↓↓↓

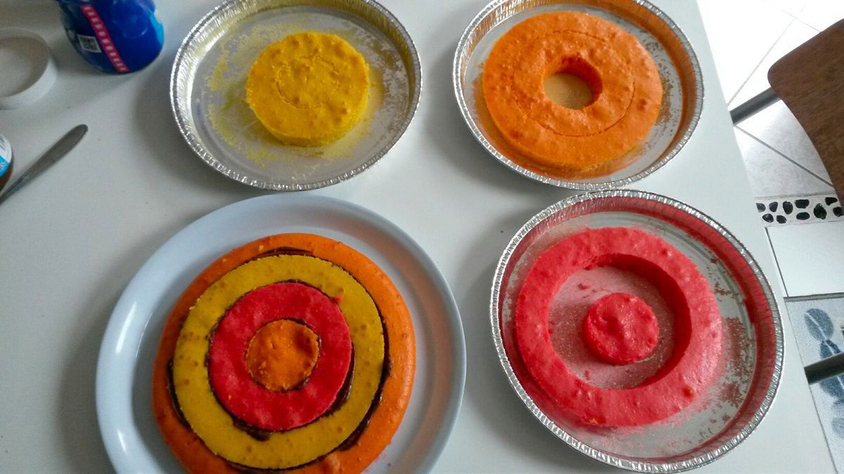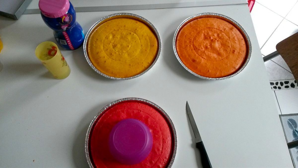 Tout d'abord, vous devez préparer vos trois génoises colorées.
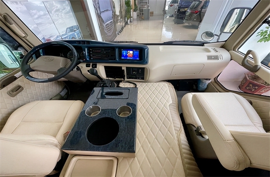 来到乘坐舱可以看到丰田考斯特11座改装商务车同样选用五张埃尔法 (配置|询价)同款座椅,并且配备有通风加热以及电动脚托等等设备。为我们的旅行提供舒适的环境,缓解旅行过程中的疲劳,而且可以多人同行,相对来说也比较低调,丰田考斯特选用了高端音响系统,按照家庭影院音响系统设计,专注于杜绝噪音和震动构筑出合适高保真音响系统的完美环境,支持多声道环绕声效果,给乘客带来视觉与听觉十分冲击的效果。
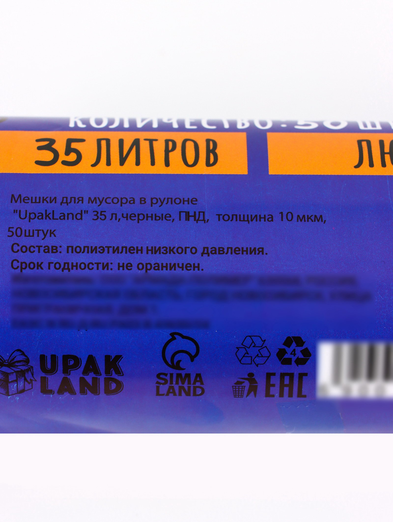 Мешки для мусора 35 л, ПНД толщина 10 мкм, 50 шт. в рулоне, чёрные, 35000 мл., UPAK LAND, Россия
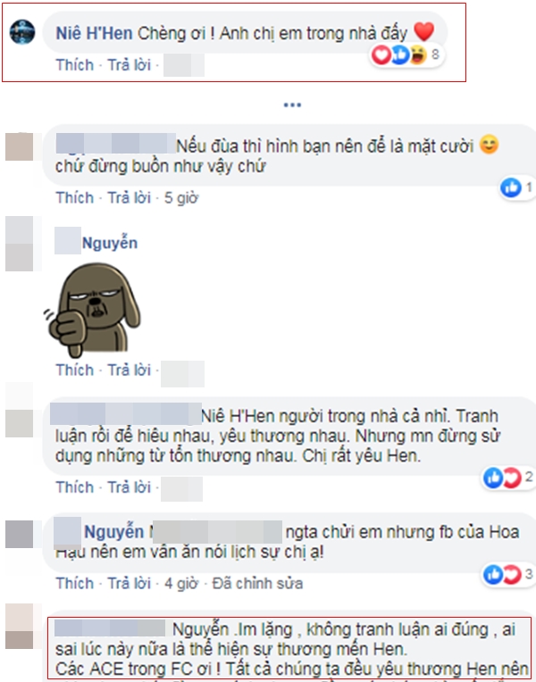 Tuy vậy, người đẹp Ê Đê bất ngờ có cách giảng hòa khéo léo khiến các fan tâm phục khẩu phục và “ngừng khẩu chiến”. Cô nàng để lại bình luận đáng yêu nhưng lại là lời nhắc nhở nghiêm túc: “Chèng ơi! Anh chị em trong nhà đấy“. Cuối cùng, chính các fan của H'Hen Niê - những “anh chị em” như lời cô nàng khẳng định đã khuyên nhau “chuyện nhỏ bỏ qua”.
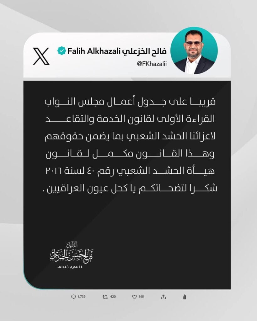 رئيس كتلة منتصرون البرلمانية فالح حسن الخزعلي: قانون الخدمة و التقاعد للحشد الشعبي قريبا على جدول أعمال البرلمان
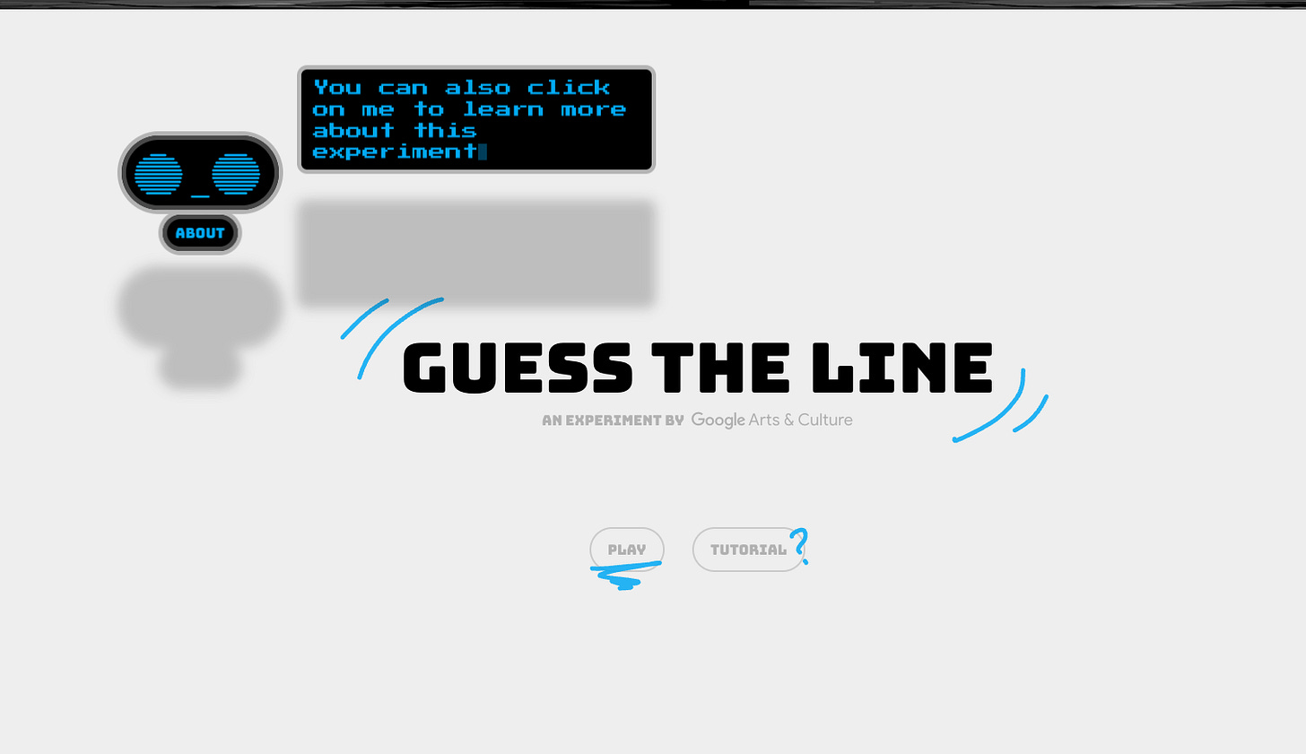 Guess The Line appears to be an even more sophisticated version of Quick, Draw! It’s certainly much more challenging and really requires the user to engage all the knowledges discussed her to get a coherent output by drawing three images in less than 60 seconds. I think it is a really sharp teaching tool for students to explore neural networks.
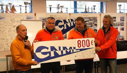 Samedi 22 novembre, au CNML, le président Philippe Brivoal a remis un chèque de 8OO € à Thierry Diméet responsable de la station SNSM du Pays de Lorient.
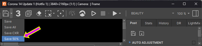 Corona 14 から Corona VFB のSaveボタンに「Save 50%」機能が追加されています。この機能経由で保存するとレンダリングが50%に縮小されて保存されます。ダウンサンプリングのアルゴリズムは単純なバイリニア補間が使われます。
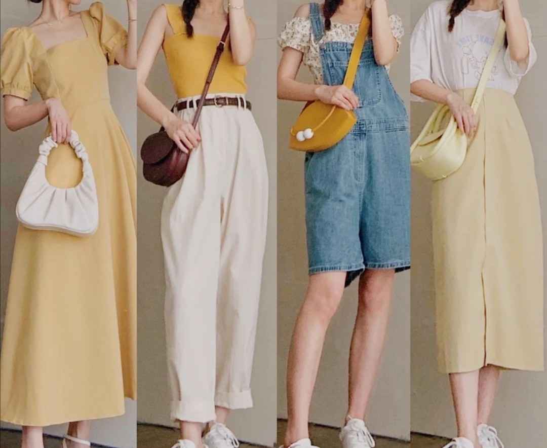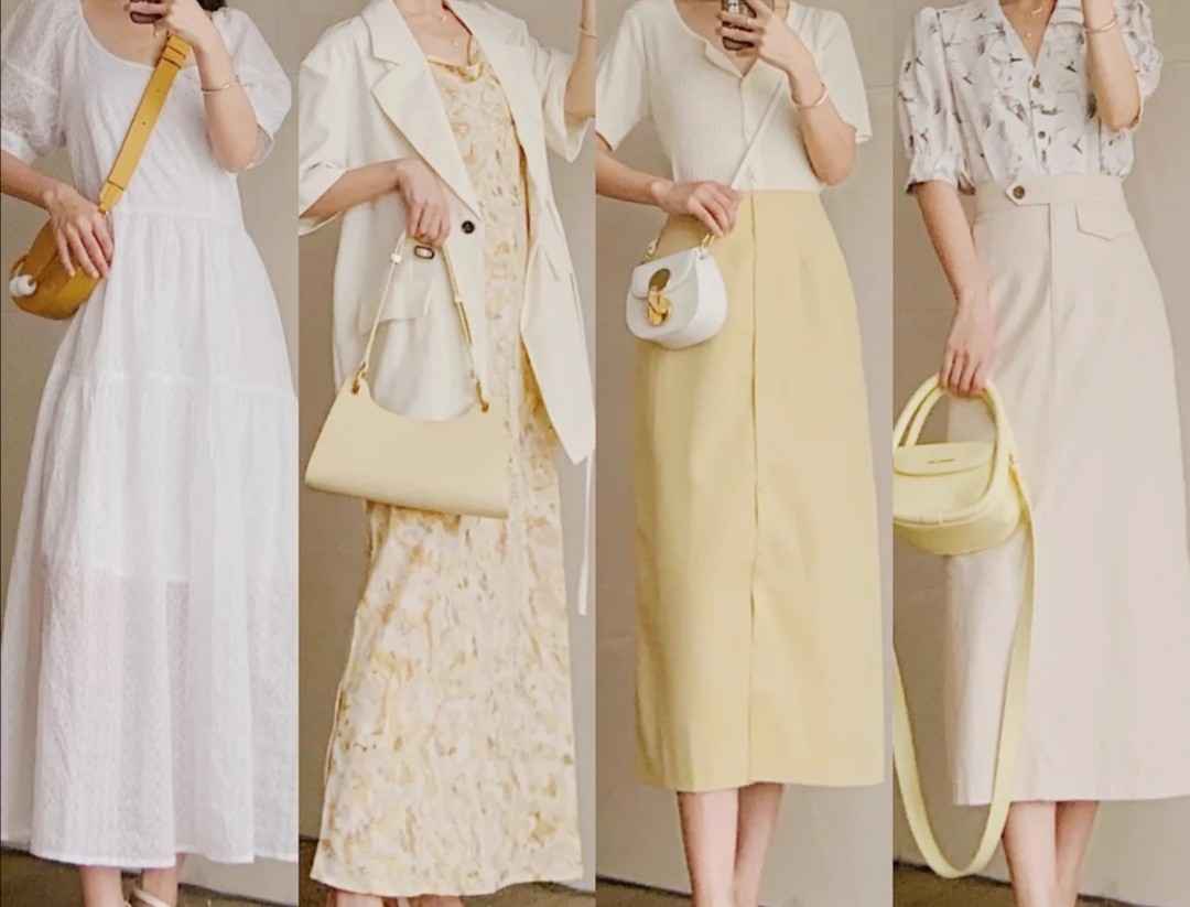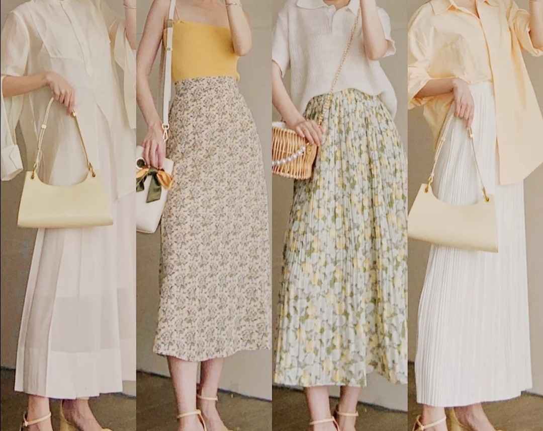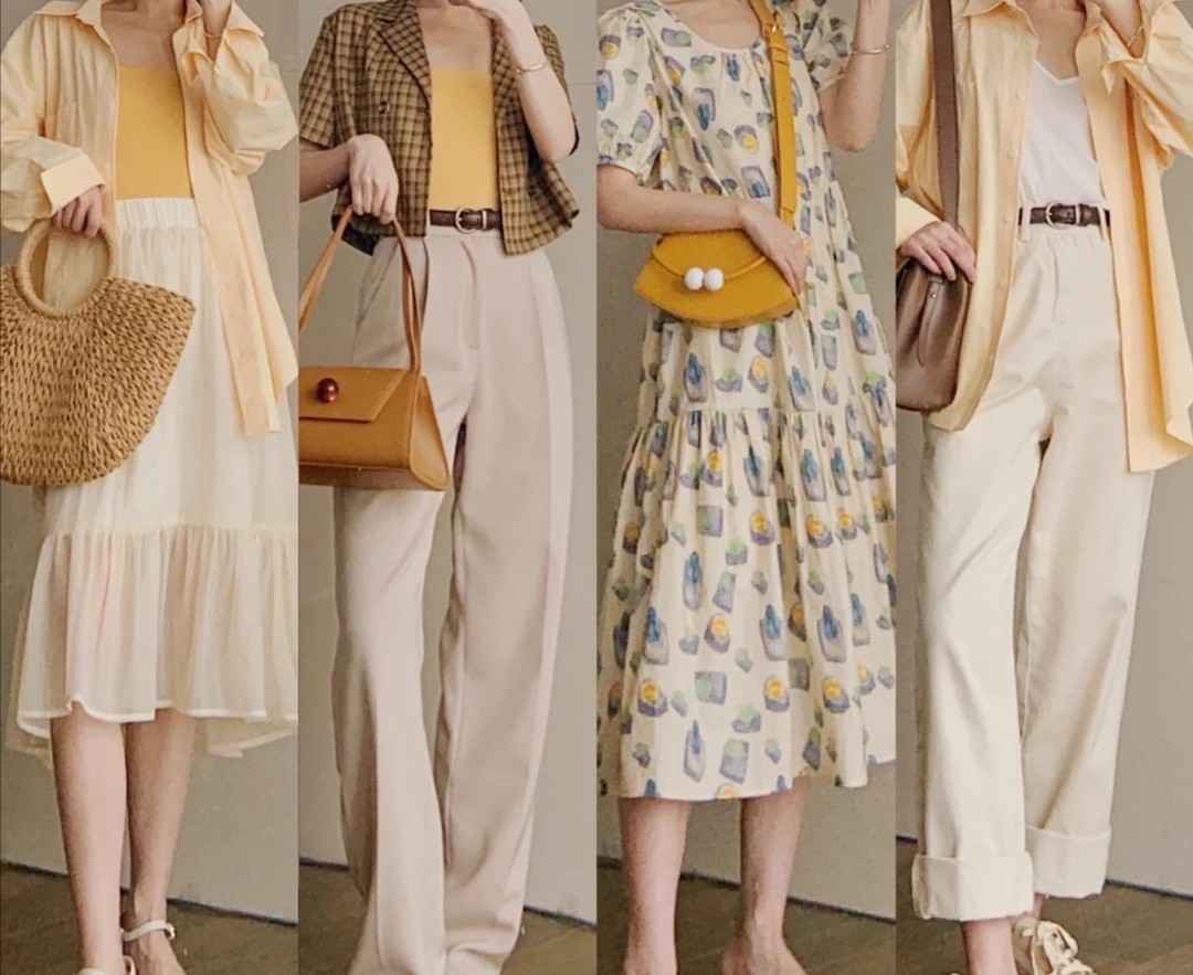 元气感满满的色彩不能少,柔和黄色单品就是首选。用过膝半身裙遮肉显瘦,穿搭零压力。但配色要谨慎,选低调色系组合,才能穿出高级感。

↑↑↑

| WHAT IS NEEDED |
Please restate exactly the lines from the one containing "Samedi 22 novembre, au" down to the end of the material, both ends kept, and do not include the pictures.

| ANSWER |
 Samedi 22 novembre, au CNML, le président Philippe Brivoal a remis un chèque de 8OO € à Thierry Diméet responsable de la station SNSM du Pays de Lorient.
 Corona 14 から Corona VFB のSaveボタンに「Save 50%」機能が追加されています。この機能経由で保存するとレンダリングが50%に縮小されて保存されます。ダウンサンプリングのアルゴリズムは単純なバイリニア補間が使われます。
 元气感满满的色彩不能少,柔和黄色单品就是首选。用过膝半身裙遮肉显瘦,穿搭零压力。但配色要谨慎,选低调色系组合,才能穿出高级感。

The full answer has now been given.